→ **Task to complete**
Please copy all of the records exactly, leaving nothing out.

### Provided entries

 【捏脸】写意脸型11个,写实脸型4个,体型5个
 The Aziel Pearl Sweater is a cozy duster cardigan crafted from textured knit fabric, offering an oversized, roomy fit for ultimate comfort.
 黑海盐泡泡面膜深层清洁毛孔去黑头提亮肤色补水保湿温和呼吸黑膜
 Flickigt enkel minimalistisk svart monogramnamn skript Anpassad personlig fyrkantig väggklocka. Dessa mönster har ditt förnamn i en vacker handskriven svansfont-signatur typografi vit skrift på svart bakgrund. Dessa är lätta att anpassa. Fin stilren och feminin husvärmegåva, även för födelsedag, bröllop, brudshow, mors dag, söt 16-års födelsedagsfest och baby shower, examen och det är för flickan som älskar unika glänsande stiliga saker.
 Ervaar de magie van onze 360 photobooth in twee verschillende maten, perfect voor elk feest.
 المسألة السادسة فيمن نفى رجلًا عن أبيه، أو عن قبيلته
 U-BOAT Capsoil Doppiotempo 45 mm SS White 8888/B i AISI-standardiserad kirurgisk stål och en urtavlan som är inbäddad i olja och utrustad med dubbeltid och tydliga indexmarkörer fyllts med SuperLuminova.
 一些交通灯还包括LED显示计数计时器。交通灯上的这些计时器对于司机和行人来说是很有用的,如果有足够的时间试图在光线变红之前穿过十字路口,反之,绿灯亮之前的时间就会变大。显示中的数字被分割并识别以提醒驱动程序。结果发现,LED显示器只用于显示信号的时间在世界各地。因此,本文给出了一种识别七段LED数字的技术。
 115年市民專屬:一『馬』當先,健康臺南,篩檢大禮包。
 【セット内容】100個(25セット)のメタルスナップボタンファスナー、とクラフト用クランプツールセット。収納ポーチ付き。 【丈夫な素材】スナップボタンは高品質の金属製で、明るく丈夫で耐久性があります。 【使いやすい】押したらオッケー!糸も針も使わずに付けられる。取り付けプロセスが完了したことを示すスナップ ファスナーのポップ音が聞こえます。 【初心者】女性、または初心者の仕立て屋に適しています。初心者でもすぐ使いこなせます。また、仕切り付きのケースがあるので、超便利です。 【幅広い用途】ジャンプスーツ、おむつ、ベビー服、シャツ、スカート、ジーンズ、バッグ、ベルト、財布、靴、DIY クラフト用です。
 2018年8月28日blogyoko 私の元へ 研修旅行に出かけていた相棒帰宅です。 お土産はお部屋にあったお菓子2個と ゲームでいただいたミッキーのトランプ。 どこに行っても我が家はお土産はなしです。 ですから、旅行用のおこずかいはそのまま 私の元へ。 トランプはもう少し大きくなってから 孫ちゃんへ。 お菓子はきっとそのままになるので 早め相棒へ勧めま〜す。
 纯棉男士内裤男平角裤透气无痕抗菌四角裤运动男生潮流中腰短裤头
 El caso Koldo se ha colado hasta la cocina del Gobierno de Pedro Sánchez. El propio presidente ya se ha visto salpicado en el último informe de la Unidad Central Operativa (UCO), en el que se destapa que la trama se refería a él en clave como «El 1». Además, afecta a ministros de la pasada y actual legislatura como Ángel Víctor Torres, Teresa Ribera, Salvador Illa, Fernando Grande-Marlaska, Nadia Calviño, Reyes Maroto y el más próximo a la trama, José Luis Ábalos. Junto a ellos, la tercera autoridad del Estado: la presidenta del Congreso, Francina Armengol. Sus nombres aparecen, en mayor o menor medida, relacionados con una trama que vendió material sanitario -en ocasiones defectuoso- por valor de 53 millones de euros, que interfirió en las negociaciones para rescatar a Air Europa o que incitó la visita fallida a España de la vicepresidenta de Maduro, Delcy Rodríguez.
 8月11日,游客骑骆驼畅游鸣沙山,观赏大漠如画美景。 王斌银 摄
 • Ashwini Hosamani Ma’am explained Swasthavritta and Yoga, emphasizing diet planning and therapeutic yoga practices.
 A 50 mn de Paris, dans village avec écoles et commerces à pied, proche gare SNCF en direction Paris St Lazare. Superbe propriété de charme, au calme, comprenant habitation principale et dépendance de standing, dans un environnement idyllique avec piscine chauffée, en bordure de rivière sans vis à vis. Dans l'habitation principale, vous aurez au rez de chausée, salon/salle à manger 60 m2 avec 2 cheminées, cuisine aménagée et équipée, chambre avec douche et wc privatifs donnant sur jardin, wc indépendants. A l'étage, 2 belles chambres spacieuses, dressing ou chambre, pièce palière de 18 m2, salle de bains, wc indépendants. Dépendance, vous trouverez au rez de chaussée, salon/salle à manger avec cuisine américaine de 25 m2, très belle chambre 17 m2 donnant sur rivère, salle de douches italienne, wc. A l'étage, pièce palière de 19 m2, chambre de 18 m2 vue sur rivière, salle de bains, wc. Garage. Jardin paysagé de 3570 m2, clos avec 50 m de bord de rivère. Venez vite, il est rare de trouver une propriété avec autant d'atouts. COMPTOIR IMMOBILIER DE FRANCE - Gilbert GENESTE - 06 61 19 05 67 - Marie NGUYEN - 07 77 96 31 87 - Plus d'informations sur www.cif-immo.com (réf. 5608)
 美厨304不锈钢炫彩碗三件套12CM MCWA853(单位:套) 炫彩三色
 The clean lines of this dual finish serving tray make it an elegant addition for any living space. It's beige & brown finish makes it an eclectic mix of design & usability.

######

→ **Solved exercise**
 【捏脸】写意脸型11个,写实脸型4个,体型5个
 The Aziel Pearl Sweater is a cozy duster cardigan crafted from textured knit fabric, offering an oversized, roomy fit for ultimate comfort.
 黑海盐泡泡面膜深层清洁毛孔去黑头提亮肤色补水保湿温和呼吸黑膜
 Flickigt enkel minimalistisk svart monogramnamn skript Anpassad personlig fyrkantig väggklocka. Dessa mönster har ditt förnamn i en vacker handskriven svansfont-signatur typografi vit skrift på svart bakgrund. Dessa är lätta att anpassa. Fin stilren och feminin husvärmegåva, även för födelsedag, bröllop, brudshow, mors dag, söt 16-års födelsedagsfest och baby shower, examen och det är för flickan som älskar unika glänsande stiliga saker.
 Ervaar de magie van onze 360 photobooth in twee verschillende maten, perfect voor elk feest.
 المسألة السادسة فيمن نفى رجلًا عن أبيه، أو عن قبيلته
 U-BOAT Capsoil Doppiotempo 45 mm SS White 8888/B i AISI-standardiserad kirurgisk stål och en urtavlan som är inbäddad i olja och utrustad med dubbeltid och tydliga indexmarkörer fyllts med SuperLuminova.
 一些交通灯还包括LED显示计数计时器。交通灯上的这些计时器对于司机和行人来说是很有用的,如果有足够的时间试图在光线变红之前穿过十字路口,反之,绿灯亮之前的时间就会变大。显示中的数字被分割并识别以提醒驱动程序。结果发现,LED显示器只用于显示信号的时间在世界各地。因此,本文给出了一种识别七段LED数字的技术。
 115年市民專屬:一『馬』當先,健康臺南,篩檢大禮包。
 【セット内容】100個(25セット)のメタルスナップボタンファスナー、とクラフト用クランプツールセット。収納ポーチ付き。 【丈夫な素材】スナップボタンは高品質の金属製で、明るく丈夫で耐久性があります。 【使いやすい】押したらオッケー!糸も針も使わずに付けられる。取り付けプロセスが完了したことを示すスナップ ファスナーのポップ音が聞こえます。 【初心者】女性、または初心者の仕立て屋に適しています。初心者でもすぐ使いこなせます。また、仕切り付きのケースがあるので、超便利です。 【幅広い用途】ジャンプスーツ、おむつ、ベビー服、シャツ、スカート、ジーンズ、バッグ、ベルト、財布、靴、DIY クラフト用です。
 2018年8月28日blogyoko 私の元へ 研修旅行に出かけていた相棒帰宅です。 お土産はお部屋にあったお菓子2個と ゲームでいただいたミッキーのトランプ。 どこに行っても我が家はお土産はなしです。 ですから、旅行用のおこずかいはそのまま 私の元へ。 トランプはもう少し大きくなってから 孫ちゃんへ。 お菓子はきっとそのままになるので 早め相棒へ勧めま〜す。
 纯棉男士内裤男平角裤透气无痕抗菌四角裤运动男生潮流中腰短裤头
 El caso Koldo se ha colado hasta la cocina del Gobierno de Pedro Sánchez. El propio presidente ya se ha visto salpicado en el último informe de la Unidad Central Operativa (UCO), en el que se destapa que la trama se refería a él en clave como «El 1». Además, afecta a ministros de la pasada y actual legislatura como Ángel Víctor Torres, Teresa Ribera, Salvador Illa, Fernando Grande-Marlaska, Nadia Calviño, Reyes Maroto y el más próximo a la trama, José Luis Ábalos. Junto a ellos, la tercera autoridad del Estado: la presidenta del Congreso, Francina Armengol. Sus nombres aparecen, en mayor o menor medida, relacionados con una trama que vendió material sanitario -en ocasiones defectuoso- por valor de 53 millones de euros, que interfirió en las negociaciones para rescatar a Air Europa o que incitó la visita fallida a España de la vicepresidenta de Maduro, Delcy Rodríguez.
 8月11日,游客骑骆驼畅游鸣沙山,观赏大漠如画美景。 王斌银 摄
 • Ashwini Hosamani Ma’am explained Swasthavritta and Yoga, emphasizing diet planning and therapeutic yoga practices.
 A 50 mn de Paris, dans village avec écoles et commerces à pied, proche gare SNCF en direction Paris St Lazare. Superbe propriété de charme, au calme, comprenant habitation principale et dépendance de standing, dans un environnement idyllique avec piscine chauffée, en bordure de rivière sans vis à vis. Dans l'habitation principale, vous aurez au rez de chausée, salon/salle à manger 60 m2 avec 2 cheminées, cuisine aménagée et équipée, chambre avec douche et wc privatifs donnant sur jardin, wc indépendants. A l'étage, 2 belles chambres spacieuses, dressing ou chambre, pièce palière de 18 m2, salle de bains, wc indépendants. Dépendance, vous trouverez au rez de chaussée, salon/salle à manger avec cuisine américaine de 25 m2, très belle chambre 17 m2 donnant sur rivère, salle de douches italienne, wc. A l'étage, pièce palière de 19 m2, chambre de 18 m2 vue sur rivière, salle de bains, wc. Garage. Jardin paysagé de 3570 m2, clos avec 50 m de bord de rivère. Venez vite, il est rare de trouver une propriété avec autant d'atouts. COMPTOIR IMMOBILIER DE FRANCE - Gilbert GENESTE - 06 61 19 05 67 - Marie NGUYEN - 07 77 96 31 87 - Plus d'informations sur www.cif-immo.com (réf. 5608)
 美厨304不锈钢炫彩碗三件套12CM MCWA853(单位:套) 炫彩三色
 The clean lines of this dual finish serving tray make it an elegant addition for any living space. It's beige & brown finish makes it an eclectic mix of design & usability.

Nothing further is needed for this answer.